+++ Information provided +++
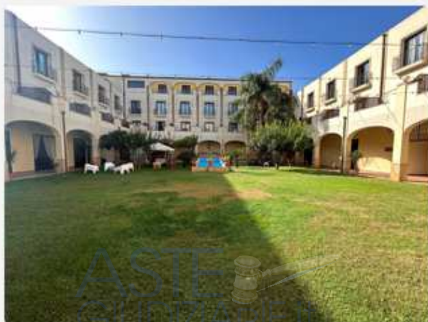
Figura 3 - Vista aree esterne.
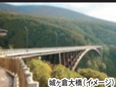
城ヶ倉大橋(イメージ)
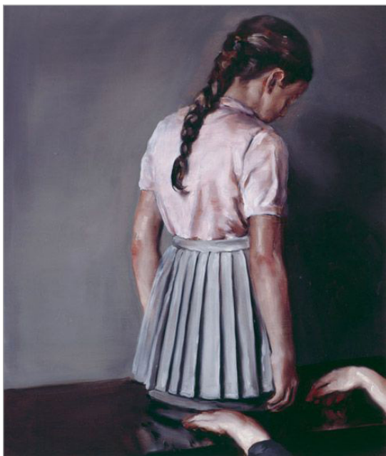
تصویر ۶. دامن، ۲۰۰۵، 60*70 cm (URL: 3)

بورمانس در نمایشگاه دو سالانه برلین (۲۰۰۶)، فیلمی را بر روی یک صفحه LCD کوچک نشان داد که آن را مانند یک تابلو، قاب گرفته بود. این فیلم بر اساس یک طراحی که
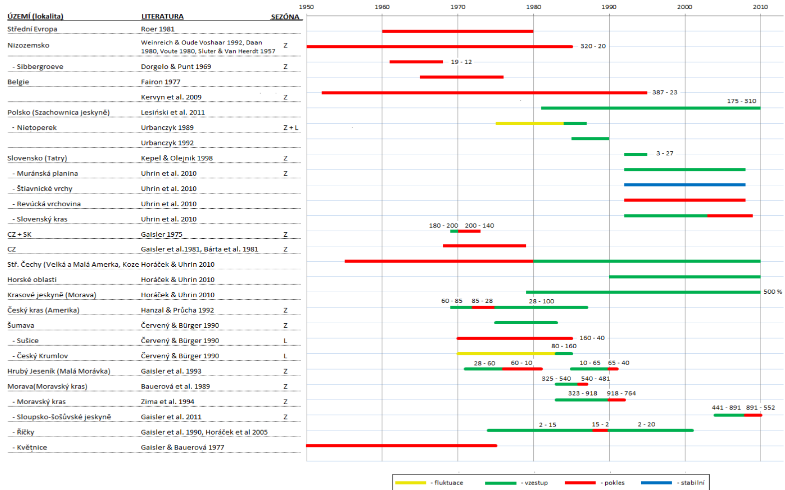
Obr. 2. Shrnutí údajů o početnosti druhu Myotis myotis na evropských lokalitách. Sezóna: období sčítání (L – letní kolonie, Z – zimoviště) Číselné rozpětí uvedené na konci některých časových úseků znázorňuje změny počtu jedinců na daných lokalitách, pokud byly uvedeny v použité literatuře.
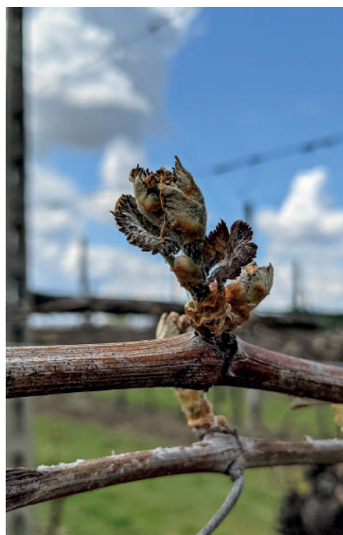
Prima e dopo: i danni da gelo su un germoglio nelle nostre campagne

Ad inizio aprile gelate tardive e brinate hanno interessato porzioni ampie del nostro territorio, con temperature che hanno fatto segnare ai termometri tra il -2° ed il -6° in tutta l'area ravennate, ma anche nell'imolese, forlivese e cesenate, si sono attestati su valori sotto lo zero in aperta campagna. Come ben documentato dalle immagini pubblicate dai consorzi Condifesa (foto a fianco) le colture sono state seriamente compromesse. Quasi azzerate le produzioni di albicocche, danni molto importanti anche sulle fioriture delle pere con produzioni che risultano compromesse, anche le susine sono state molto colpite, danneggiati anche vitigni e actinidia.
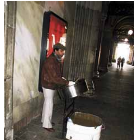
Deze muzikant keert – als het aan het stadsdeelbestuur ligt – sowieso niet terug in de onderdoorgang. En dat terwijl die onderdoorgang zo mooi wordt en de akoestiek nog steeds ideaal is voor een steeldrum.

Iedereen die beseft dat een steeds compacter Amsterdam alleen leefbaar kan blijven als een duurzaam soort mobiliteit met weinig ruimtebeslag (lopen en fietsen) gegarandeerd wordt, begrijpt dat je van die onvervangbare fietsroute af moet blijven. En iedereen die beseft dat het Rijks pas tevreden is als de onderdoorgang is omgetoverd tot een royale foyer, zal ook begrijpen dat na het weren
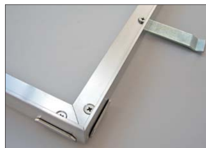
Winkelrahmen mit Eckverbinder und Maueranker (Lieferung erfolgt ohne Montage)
+++
— Prompt —
Give again exactly the lines from the one holding "Deze muzikant keert" to the final line of the records, both ends included, and nothing more. Pictures do not belong in the copy.

— Response area —
Deze muzikant keert – als het aan het stadsdeelbestuur ligt – sowieso niet terug in de onderdoorgang. En dat terwijl die onderdoorgang zo mooi wordt en de akoestiek nog steeds ideaal is voor een steeldrum.

Iedereen die beseft dat een steeds compacter Amsterdam alleen leefbaar kan blijven als een duurzaam soort mobiliteit met weinig ruimtebeslag (lopen en fietsen) gegarandeerd wordt, begrijpt dat je van die onvervangbare fietsroute af moet blijven. En iedereen die beseft dat het Rijks pas tevreden is als de onderdoorgang is omgetoverd tot een royale foyer, zal ook begrijpen dat na het weren
Winkelrahmen mit Eckverbinder und Maueranker (Lieferung erfolgt ohne Montage)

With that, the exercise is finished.